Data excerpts
____________________

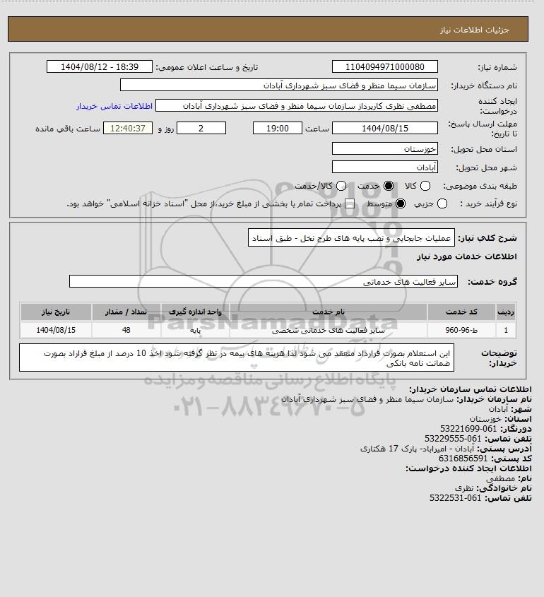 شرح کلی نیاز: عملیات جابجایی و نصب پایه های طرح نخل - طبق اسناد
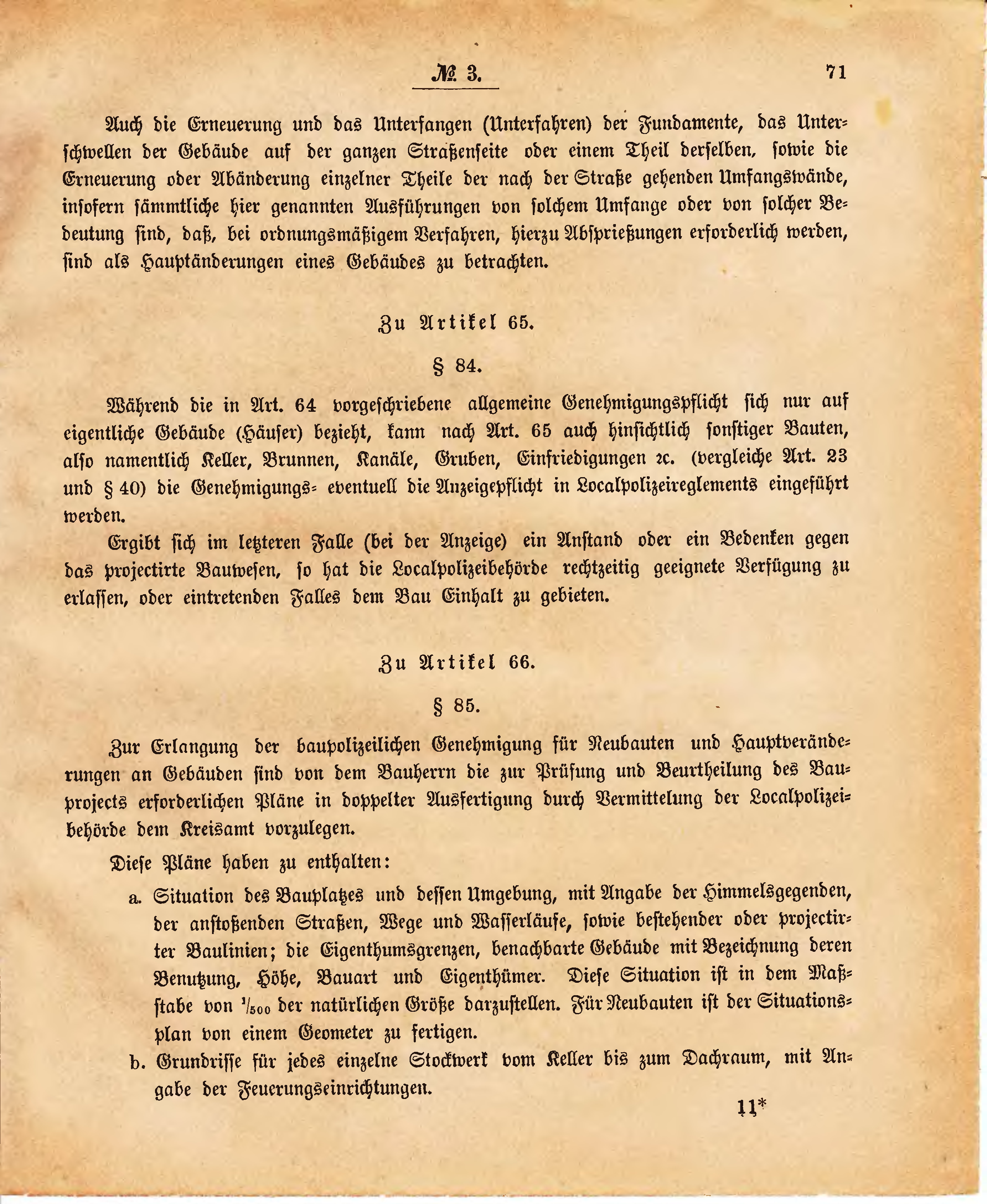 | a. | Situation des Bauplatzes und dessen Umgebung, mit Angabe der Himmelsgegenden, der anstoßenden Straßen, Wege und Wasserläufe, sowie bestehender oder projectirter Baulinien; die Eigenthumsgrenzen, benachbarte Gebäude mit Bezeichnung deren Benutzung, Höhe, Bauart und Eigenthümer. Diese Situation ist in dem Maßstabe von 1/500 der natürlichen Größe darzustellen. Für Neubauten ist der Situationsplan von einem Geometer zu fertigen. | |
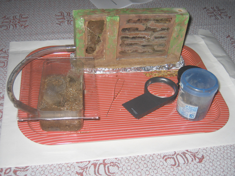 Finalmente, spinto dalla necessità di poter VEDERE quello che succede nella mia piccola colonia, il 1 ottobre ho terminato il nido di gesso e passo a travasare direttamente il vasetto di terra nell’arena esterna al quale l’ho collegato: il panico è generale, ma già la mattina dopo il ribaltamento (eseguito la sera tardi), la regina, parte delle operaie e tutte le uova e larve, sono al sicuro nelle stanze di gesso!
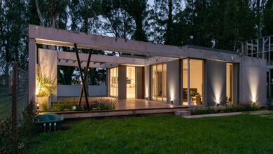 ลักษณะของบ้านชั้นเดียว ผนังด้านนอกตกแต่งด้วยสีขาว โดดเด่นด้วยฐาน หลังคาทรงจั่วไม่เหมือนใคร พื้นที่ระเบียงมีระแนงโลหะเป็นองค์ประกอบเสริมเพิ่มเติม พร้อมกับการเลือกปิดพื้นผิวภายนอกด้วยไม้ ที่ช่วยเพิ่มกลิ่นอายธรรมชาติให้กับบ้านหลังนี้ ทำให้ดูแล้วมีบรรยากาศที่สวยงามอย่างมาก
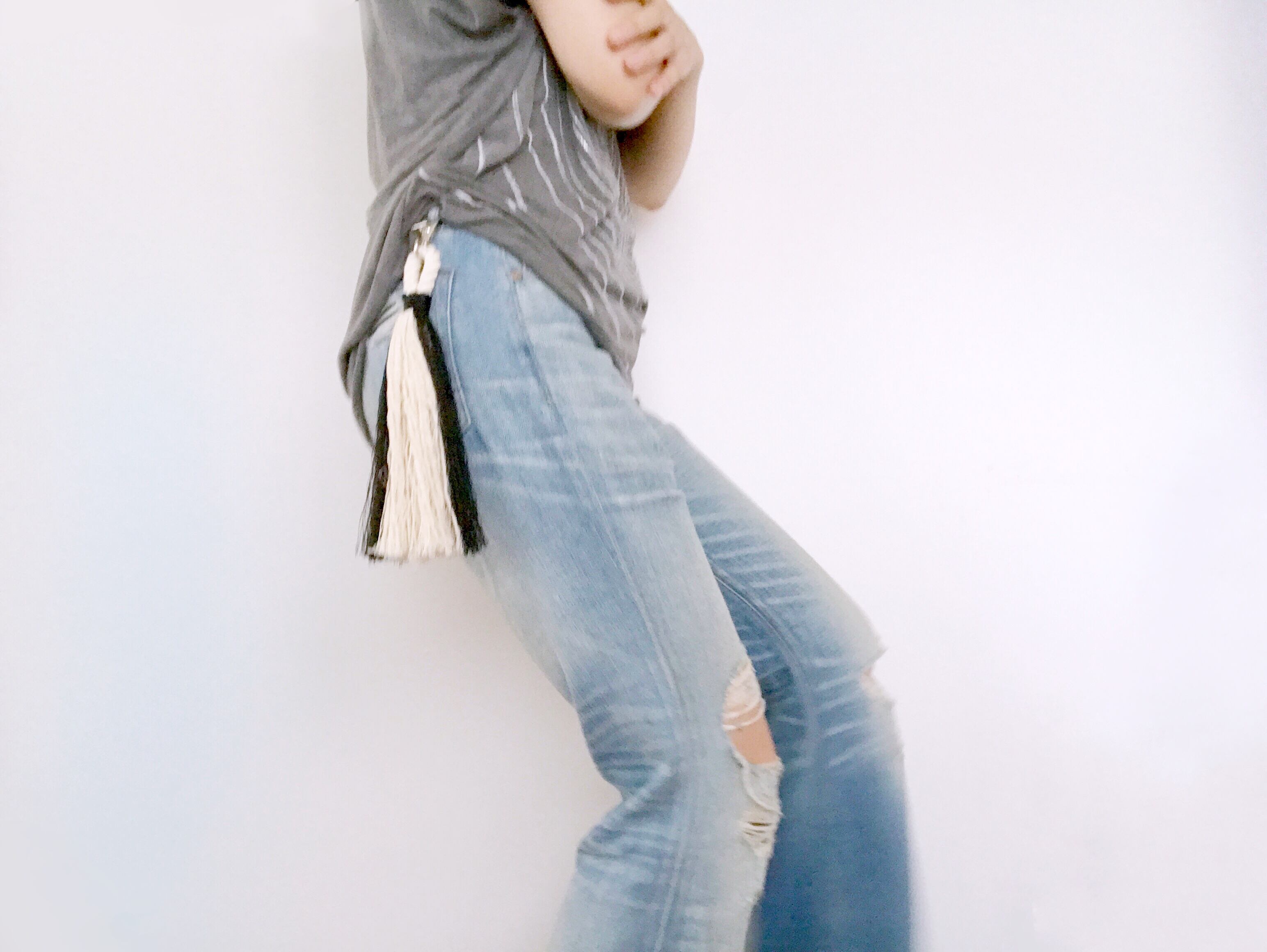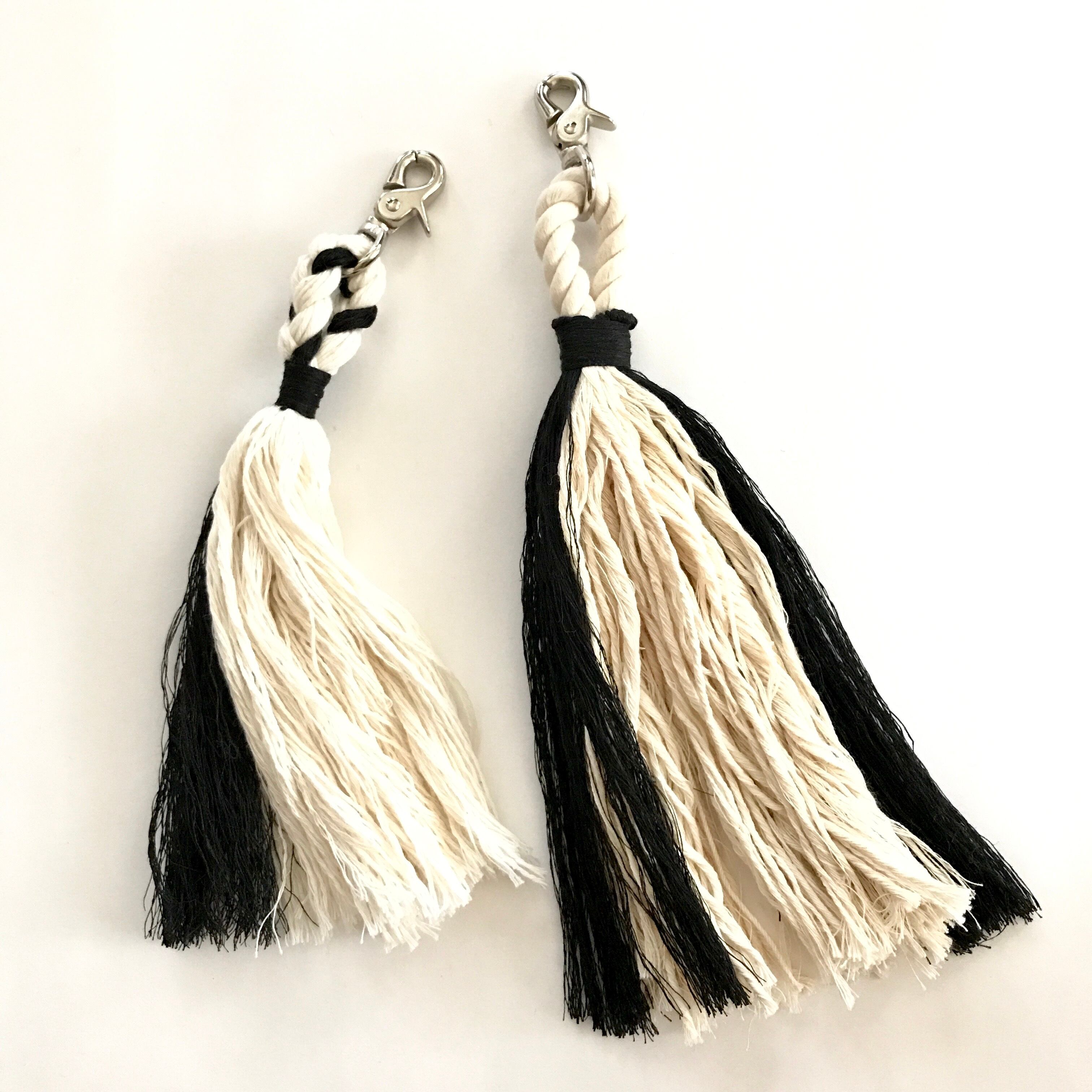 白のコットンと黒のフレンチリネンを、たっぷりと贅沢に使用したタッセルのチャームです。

____________________

### Exercise directions
Could you set down the records above exactly, skipping any picture?

### Solution to the exercise
 شرح کلی نیاز: عملیات جابجایی و نصب پایه های طرح نخل - طبق اسناد
 | a. | Situation des Bauplatzes und dessen Umgebung, mit Angabe der Himmelsgegenden, der anstoßenden Straßen, Wege und Wasserläufe, sowie bestehender oder projectirter Baulinien; die Eigenthumsgrenzen, benachbarte Gebäude mit Bezeichnung deren Benutzung, Höhe, Bauart und Eigenthümer. Diese Situation ist in dem Maßstabe von 1/500 der natürlichen Größe darzustellen. Für Neubauten ist der Situationsplan von einem Geometer zu fertigen. | |
 Finalmente, spinto dalla necessità di poter VEDERE quello che succede nella mia piccola colonia, il 1 ottobre ho terminato il nido di gesso e passo a travasare direttamente il vasetto di terra nell’arena esterna al quale l’ho collegato: il panico è generale, ma già la mattina dopo il ribaltamento (eseguito la sera tardi), la regina, parte delle operaie e tutte le uova e larve, sono al sicuro nelle stanze di gesso!
 ลักษณะของบ้านชั้นเดียว ผนังด้านนอกตกแต่งด้วยสีขาว โดดเด่นด้วยฐาน หลังคาทรงจั่วไม่เหมือนใคร พื้นที่ระเบียงมีระแนงโลหะเป็นองค์ประกอบเสริมเพิ่มเติม พร้อมกับการเลือกปิดพื้นผิวภายนอกด้วยไม้ ที่ช่วยเพิ่มกลิ่นอายธรรมชาติให้กับบ้านหลังนี้ ทำให้ดูแล้วมีบรรยากาศที่สวยงามอย่างมาก
 白のコットンと黒のフレンチリネンを、たっぷりと贅沢に使用したタッセルのチャームです。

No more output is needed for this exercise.